Hanley Ramirez, while a 5 tool talent, was in trouble consistently in the minor leagues. He never posted a 'wow' season, and only achieved as far as AA for us. Even though he was only age 22 (I believe) when we traded him, and he had 3 more years to figure things out while still under prospect age status, I could live with dealing him since he hadn't produced like the front office thought he would have (for another i.e. of this please see Eric Duncan, Yankees). Sanchez was the Animal. But again, he didn't achieve anything higher than AA, and was projected as a #3 starter.
Josh Beckett projected to be a once in a generation type talent, and still does. Beckett is going into his age 27 season, and is coming off a transition, not only from Florida to Boston. But from the NL East to the AL East. No more easy K's from the pitchers' slot, rather welcoming in Jason Giambi to the plate. I'd still do that trade from where the players were. Beckett will rebound, and we still have to see Sanchez do it over a full season at the MLB level.

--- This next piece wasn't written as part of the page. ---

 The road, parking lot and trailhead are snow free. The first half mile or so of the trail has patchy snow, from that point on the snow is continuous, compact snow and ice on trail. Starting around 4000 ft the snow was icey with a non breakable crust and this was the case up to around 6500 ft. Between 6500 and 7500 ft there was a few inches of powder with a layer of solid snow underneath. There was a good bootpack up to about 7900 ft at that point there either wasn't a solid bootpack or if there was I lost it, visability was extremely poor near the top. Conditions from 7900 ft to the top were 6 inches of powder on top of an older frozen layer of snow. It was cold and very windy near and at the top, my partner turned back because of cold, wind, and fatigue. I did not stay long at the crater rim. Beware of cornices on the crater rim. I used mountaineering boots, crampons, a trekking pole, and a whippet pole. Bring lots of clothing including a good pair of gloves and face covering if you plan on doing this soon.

And made him the captain. While I knew we needed to keep Varitek with the team, a 4 year/$40 million, with a NTC put into his contract wasn't good. We all knew that Varitek was going into his age 34 season. We all knew that Varitek was likely to end up at 1B with Youkilis going back to 3B (sad corner power) once Lowell's contract was up. But there was a determination of who to keep and who to let walk. Varitek was more important to the team than say, Johnny Damon was.
Are you blind to statistics? Crisp's OBP in 04 and 05 was .344 and .345 respectively. Yes Damon was at .380 and .366 those years, but he dipped down to .359 last year and that's a downward spire trend sir. Not to mention that Damon's arm is comparable to a three year old child. He resigned the Team Spirit in Varitek.

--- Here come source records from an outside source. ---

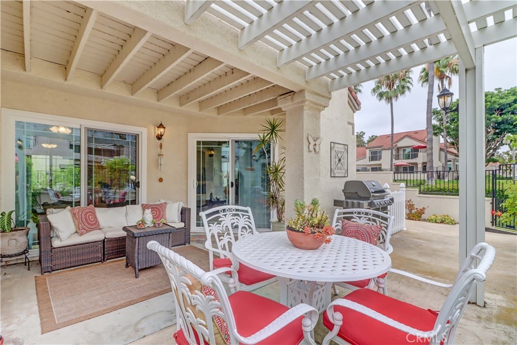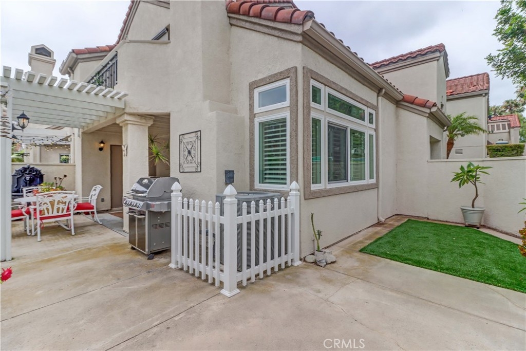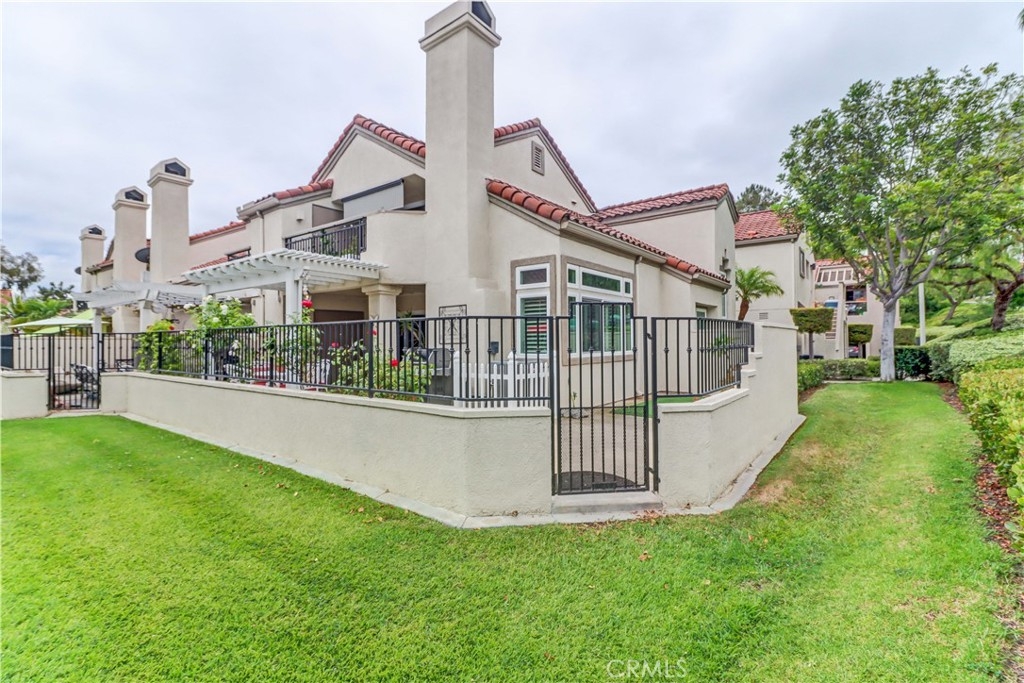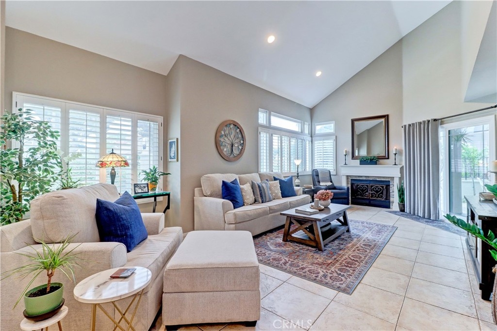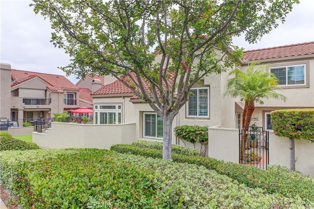 Welcome to the most sought-after floor plan in the community of Coral Gardens - a beautifully upgraded TRUE 3-bedroom, 3-bathroom END UNIT condo with the rare advantage of NOBODY LIVING ABOVE OR BELOW the interior living space. Ideally situated in a QUIET INTERIOR LOCATION away from street noise, this home is surrounded by a lush greenbelt and just a short walk to scenic Lake Mission Viejo. This private end-unit offers THREE DISTINCT OUTDOOR LIVING SPACES: a spacious enclosed front courtyard, a large wraparound back patio and a generous-sized balcony off the primary suite — perfect for enjoying the spectacular 4th of July fireworks from the comfort of home. The back patio has gate access to the surrounding greenbelt area, is partially covered, has a tranquil fountain, and a brand-new patch of turf ideal for kids or pets. This floorplan offers a MAIN FLOOR BEDROOM AND FULL BATHROOM-perfect for guests, multi-generational living, playroom, home office... Each bedroom in the home has exclusive use of a full bathroom. The living room is airy with its vaulted ceilings and large windows offering plenty of space to accommodate formal dining or simply enjoy as a spacious great room. The kitchen features quartz countertops, stainless steel appliances (gas range, refrigerator, and microwave), and a breakfast bar. Upstairs, the spacious primary suite opens up to a large balcony with an attached sunshade. The Primary bathroom has dual sinks, a walk-in shower and spacious closet space. A secondary bedroom and full bathroom complete the upper level. Additional upgrades include NEW WINDOWS AND SLIDERS THROUGHOUT (3 years old), WATER SOFTENER (2 years old), PLANTATION SHUTTERS, NEWER HVAC (2013), recessed lighting, crown molding, tile flooring, custom fireplace doors, and the ENTIRE HOME HAS BEEN REPIPED WITH PEX (2015). The attached 2-Car Garage has an epoxy-coated floor and plenty of storage spaces to keep you organized. Front loading washer and dryer is included, and you will love the custom & functional laundry sink/storage area next to it. The Coral Gardens community is meticulously maintained and offers fantastic amenities, including a sparkling pool, two spas, two tennis courts, and a grassy field perfect for picnics and outdoor recreation. As a homeowner, you'll also enjoy exclusive MEMBERSHIP TO PRIVATE LAKE MISSION VIEJO with access to boating, swimming, 2 clubhouses, picnic areas and a variety of community events, such as the Summer Sunset Concert Series.
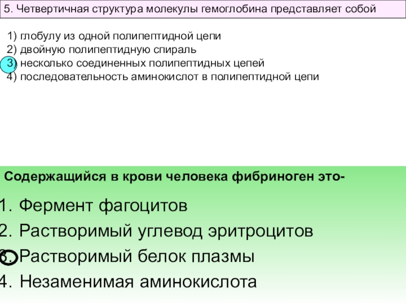 5. Четвертичная структура молекулы гемоглобина представляет собой
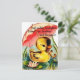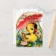 Beautiful Vintage art of an adorable baby duck with an umbrella on a lily pond .Cute Postcard.
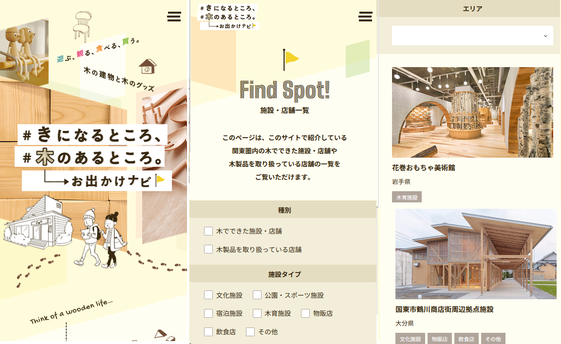 「お出かけナビ」では、全国にある木材を構造や内装などに使った施設・店舗や木製品を取り扱っている店舗を紹介しています。お散歩デートやショッピング、お子様とのお出かけ時のガイドとしてご利用ください。SNSやメールマガジンでも掲載施設を紹介しています。

Yes he wasn't the technical GM of the Red Sox last off-season. However in case you have forgotten it was reported that he was giving advice to the Two Headed Monster all throughout the winter. I'd be willing to be my life savings that even without his name on the GM's door, he was calling every single shot that offseason.
And you think these moves resulted in a 3rd place last year, when we placed 3rd by 1 victory? How about injuries of 1 month or more to: Jon Lester, Tim Wakefield, Manny Ramirez, Jonathan Papelbon, Matt Clement, Coco Crisp, Trot Nixon, Wily Mo Pena, Jason Varitek, and other role players. We lost three fifths of a rotation last year. Are you that retarded to think that last offseason resulted in the third place?! NO! It resulted when the injuries were just to much to handle and the team fell out of first place after half a season. THAT'S WHY WE WERE IN THIRD.

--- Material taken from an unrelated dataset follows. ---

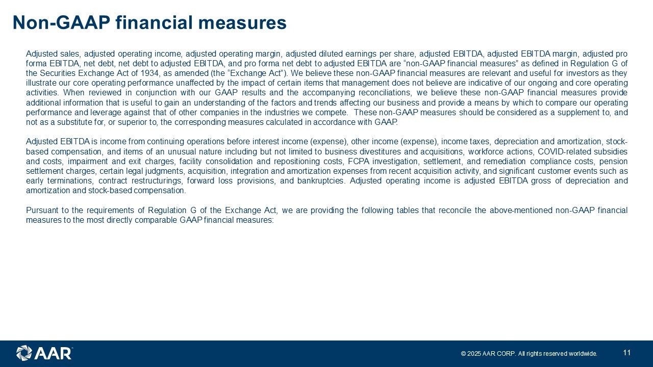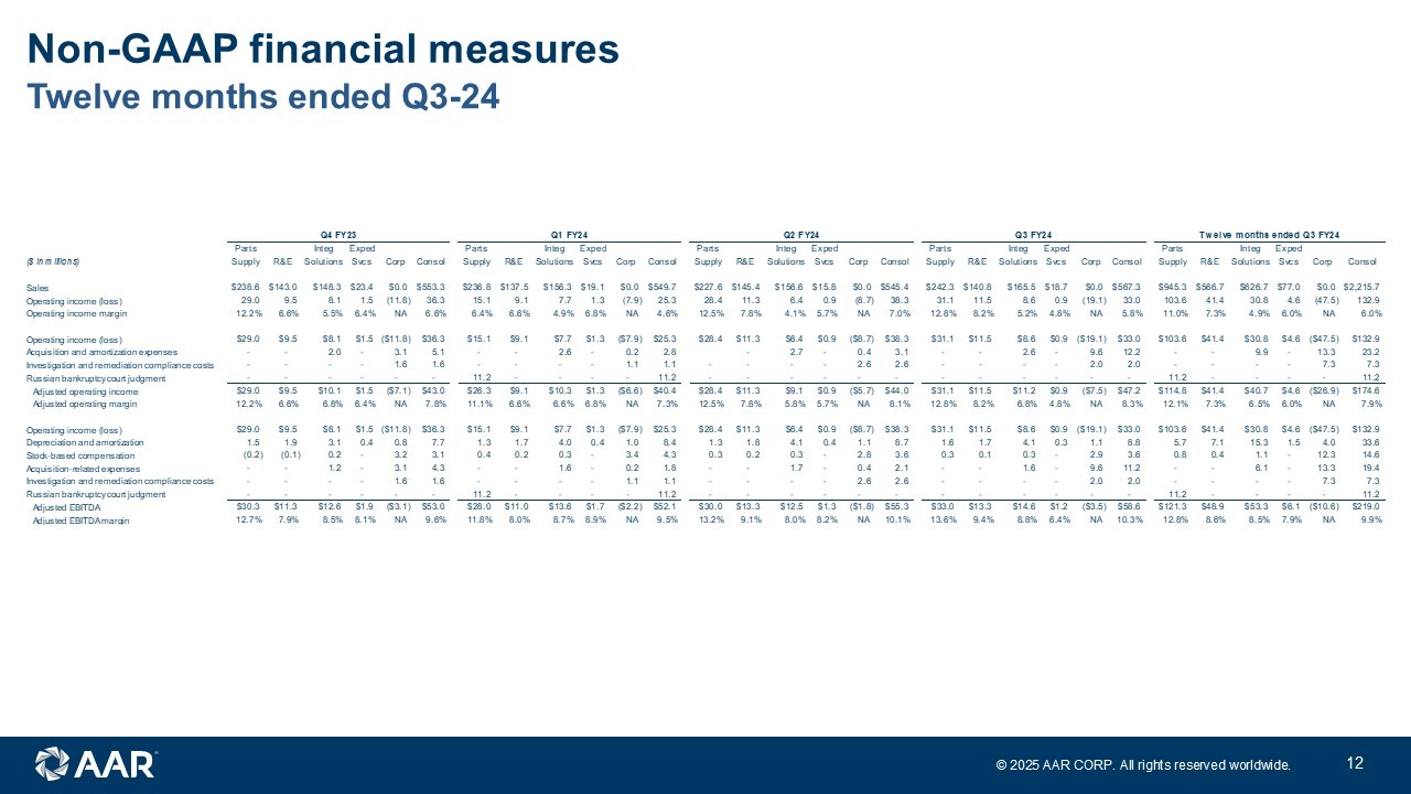 © 2025 AAR CORP. All rights reserved worldwide. 11 Non - GAAP financial measures Adjusted sales, adjusted operating income, adjusted operating margin, adjusted diluted earnings per share, adjusted EBITDA, adjusted EBITDA margin, adjusted pro forma EBITDA, net debt, net debt to adjusted EBITDA, and pro forma net debt to adjusted EBITDA are “non - GAAP financial measures” as defined in Regulation G of the Securities Exchange Act of 1934 , as amended (the “Exchange Act”) . We believe these non - GAAP financial measures are relevant and useful for investors as they illustrate our core operating performance unaffected by the impact of certain items that management does not believe are indicative of our ongoing and core operating activities . When reviewed in conjunction with our GAAP results and the accompanying reconciliations, we believe these non - GAAP financial measures provide additional information that is useful to gain an understanding of the factors and trends affecting our business and provide a means by which to compare our operating performance and leverage against that of other companies in the industries we compete . These non - GAAP measures should be considered as a supplement to, and not as a substitute for, or superior to, the corresponding measures calculated in accordance with GAAP . Adjusted EBITDA is income from continuing operations before interest income (expense), other income (expense), income taxes, depreciation and amortization, stock - based compensation, and items of an unusual nature including but not limited to business divestitures and acquisitions, workforce actions, COVID - related subsidies and costs, impairment and exit charges, facility consolidation and repositioning costs, FCPA investigation, settlement, and remediation compliance costs, pension settlement charges, certain legal judgments, acquisition, integration and amortization expenses from recent acquisition activity, and significant customer events such as early terminations, contract restructurings, forward loss provisions, and bankruptcies . Adjusted operating income is adjusted EBITDA gross of depreciation and amortization and stock - based compensation . Pursuant to the requirements of Regulation G of the Exchange Act, we are providing the following tables that reconcile the above - mentioned non - GAAP financial measures to the most directly comparable GAAP financial measures :
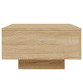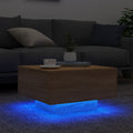 Decorate your living room with this modern coffee table with LED lights, it easily blends with furniture in any style at your house. Durable material: The engineered wood is of exceptional quality with a smooth surface and features strength, stability and resistance to moisture.Sturdy tabletop: The sturdy tabletop of this side table provides a secure surface, on which you can place drinks, vases, fruit bowls or ornaments.Versatile design: This sofa table can meet your different requirements for it can be used as a side table, tea table or telephone table.Adjustable LED lights: The couch table is equipped with vibrant RGB LED lights. With various customisable menus, you can effortlessly change the colour of the lights and even set them to adjust automatically. These LED lights not only enhance the contemporary look of the centre table but also add to its trendy appeal. Good to know:The product has a USB connector that requires a certified 5V USB power source (not included).

Give me your home address, I'm going to order you Hooked on Phonics. I said they took Theo's original game plan, something he learned while picking Beane's brain while he spent time on the west coast. They took the Moneyball concept, the entire reason why Epstein was hired (remember Beane was 'hired' for a day and he backed out of it? Yea exactly). And then they went MFY style this offseason (I understand the market made it that way mostly). But look at the money differences spent on Kevin Millar, Bill Mueller and David Ortiz compared to Julio Lugo and JD Drew. Those are the differences in strategies that I'm talking about. Jerk.
You've yet to name anyone of significance in this statement by the way. You also forgot J.C. Romero.
The trade to get Marte for Renteria was pure genous. You can't say that Renteria bouncing back after his horrible 2005 was a sure thing. Then dealing Marte for Crisp...well I was mad at first. But looking at the improvements Crisp had made throughout that time period, and the projections from the experts it was a solid trade since Marte had yet to really produce anything in any MLB time.
If you think Epstein wasn't pulling the strings in the offseason heading into 2006 you're either A). Not that bright, . Stupid or my favorite C). Inbreed.
And again to call Lugo a significant upgrade is silly with a man who's never posted an .800 OPS.